| What the task asks |
Which lines belong in your copy? Those from the start of the data through the line with "On arase ! Maçonnerie", exactly as written, without any pictures.

| Data in this exercise |
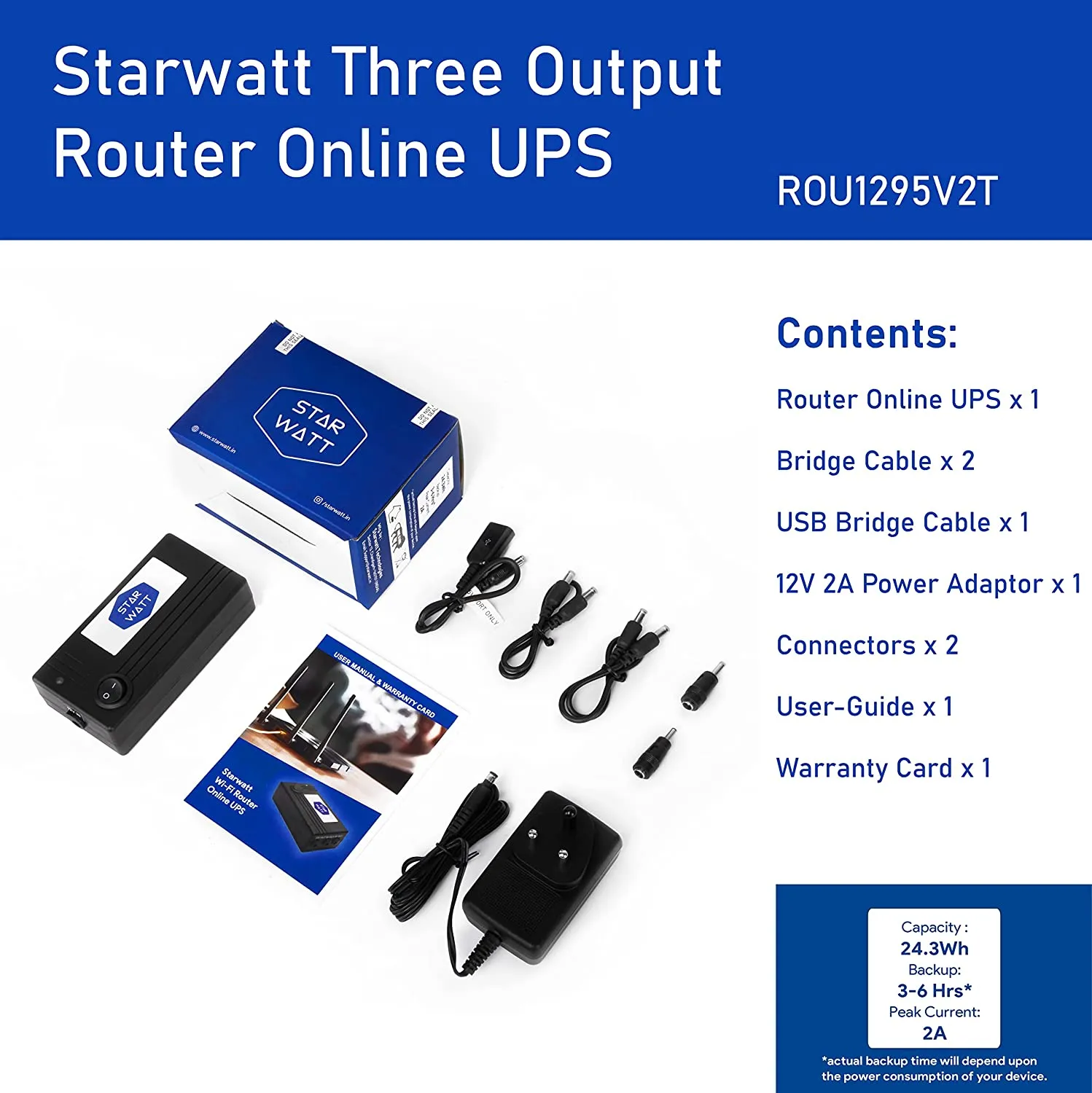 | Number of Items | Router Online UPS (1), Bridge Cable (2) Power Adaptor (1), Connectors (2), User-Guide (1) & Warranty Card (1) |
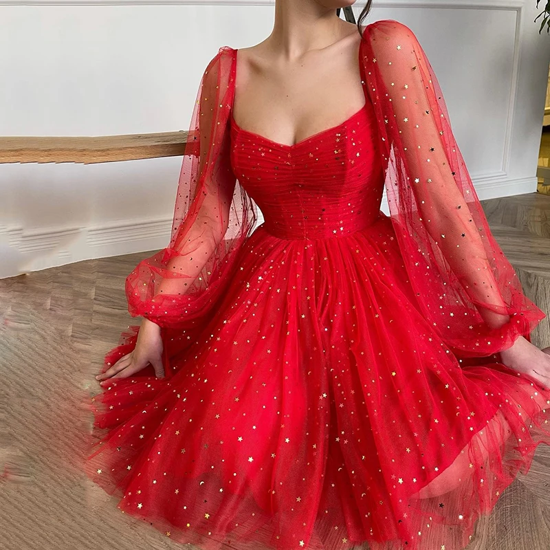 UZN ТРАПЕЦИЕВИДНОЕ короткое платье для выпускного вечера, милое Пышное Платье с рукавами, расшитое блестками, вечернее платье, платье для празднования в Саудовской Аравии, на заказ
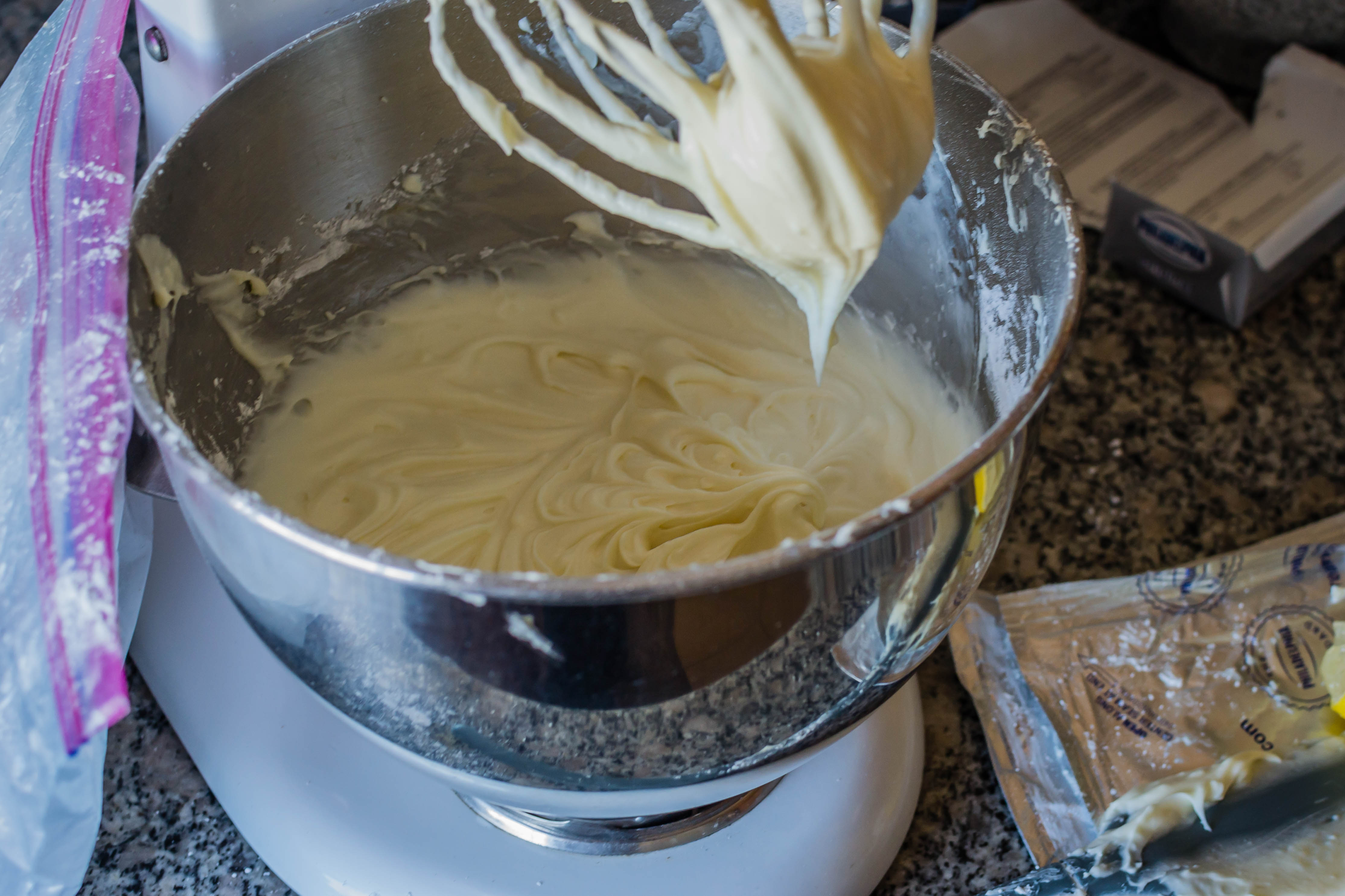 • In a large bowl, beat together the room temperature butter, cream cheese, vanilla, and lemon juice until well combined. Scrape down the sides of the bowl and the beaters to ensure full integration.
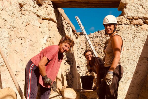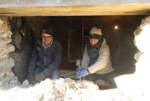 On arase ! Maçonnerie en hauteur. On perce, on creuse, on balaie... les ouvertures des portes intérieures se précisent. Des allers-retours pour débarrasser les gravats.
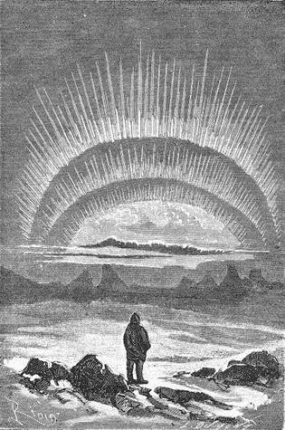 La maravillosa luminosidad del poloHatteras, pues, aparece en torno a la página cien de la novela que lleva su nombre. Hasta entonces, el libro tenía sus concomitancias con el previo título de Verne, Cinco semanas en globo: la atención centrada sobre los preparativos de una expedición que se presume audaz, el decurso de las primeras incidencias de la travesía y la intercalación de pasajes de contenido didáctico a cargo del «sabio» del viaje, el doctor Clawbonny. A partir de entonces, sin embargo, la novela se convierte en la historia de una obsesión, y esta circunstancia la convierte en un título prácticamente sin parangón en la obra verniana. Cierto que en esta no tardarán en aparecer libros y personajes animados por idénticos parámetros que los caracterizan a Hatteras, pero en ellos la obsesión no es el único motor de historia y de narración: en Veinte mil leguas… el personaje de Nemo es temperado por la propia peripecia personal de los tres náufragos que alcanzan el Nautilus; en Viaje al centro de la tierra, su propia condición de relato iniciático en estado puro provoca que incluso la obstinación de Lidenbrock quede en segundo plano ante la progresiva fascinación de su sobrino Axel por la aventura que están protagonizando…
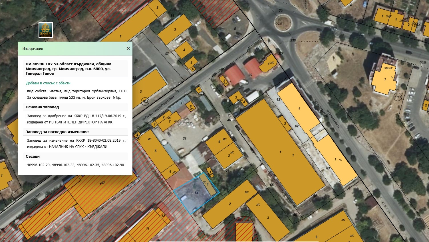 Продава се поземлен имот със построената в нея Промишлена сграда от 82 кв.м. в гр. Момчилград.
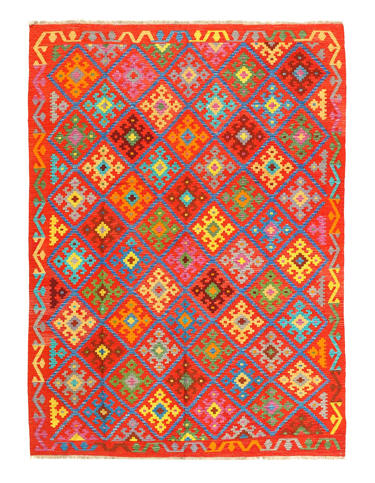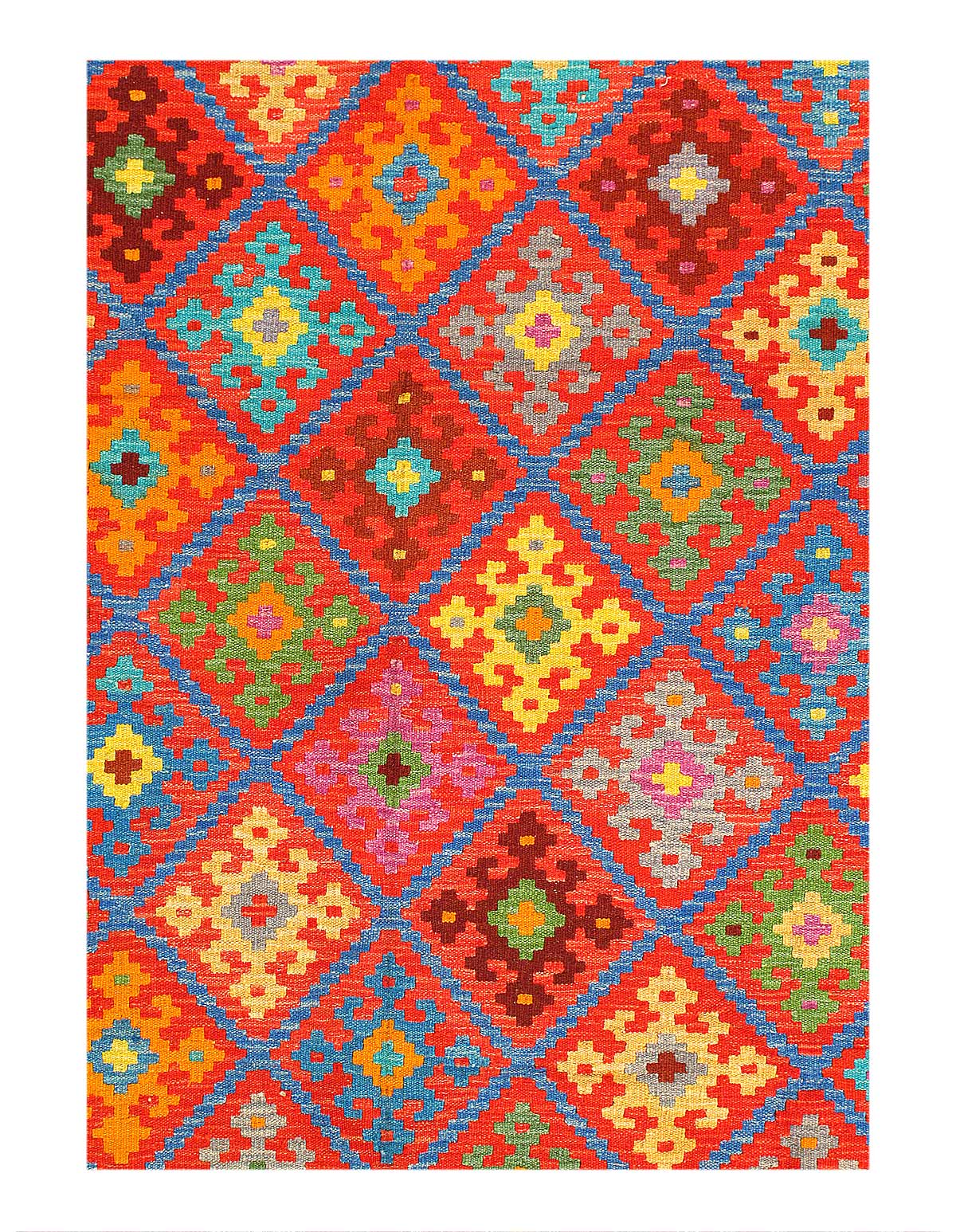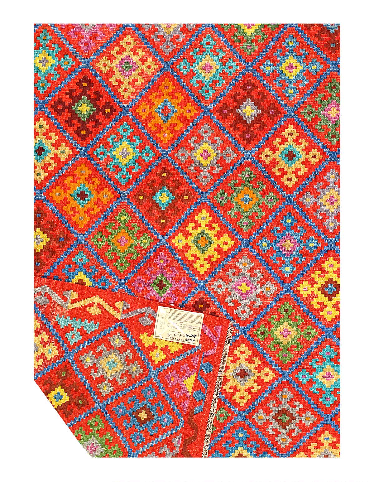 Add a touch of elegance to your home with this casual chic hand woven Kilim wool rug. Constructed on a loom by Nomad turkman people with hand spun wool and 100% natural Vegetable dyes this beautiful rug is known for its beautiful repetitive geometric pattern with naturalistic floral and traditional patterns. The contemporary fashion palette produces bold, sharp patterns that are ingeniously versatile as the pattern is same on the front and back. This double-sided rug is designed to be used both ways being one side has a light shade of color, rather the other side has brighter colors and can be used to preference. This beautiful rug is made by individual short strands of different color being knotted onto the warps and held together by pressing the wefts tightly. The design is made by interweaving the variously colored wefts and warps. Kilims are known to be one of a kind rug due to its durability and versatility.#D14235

| Expected answer |
 | Number of Items | Router Online UPS (1), Bridge Cable (2) Power Adaptor (1), Connectors (2), User-Guide (1) & Warranty Card (1) |
 UZN ТРАПЕЦИЕВИДНОЕ короткое платье для выпускного вечера, милое Пышное Платье с рукавами, расшитое блестками, вечернее платье, платье для празднования в Саудовской Аравии, на заказ
 • In a large bowl, beat together the room temperature butter, cream cheese, vanilla, and lemon juice until well combined. Scrape down the sides of the bowl and the beaters to ensure full integration.
 On arase ! Maçonnerie en hauteur. On perce, on creuse, on balaie... les ouvertures des portes intérieures se précisent. Des allers-retours pour débarrasser les gravats.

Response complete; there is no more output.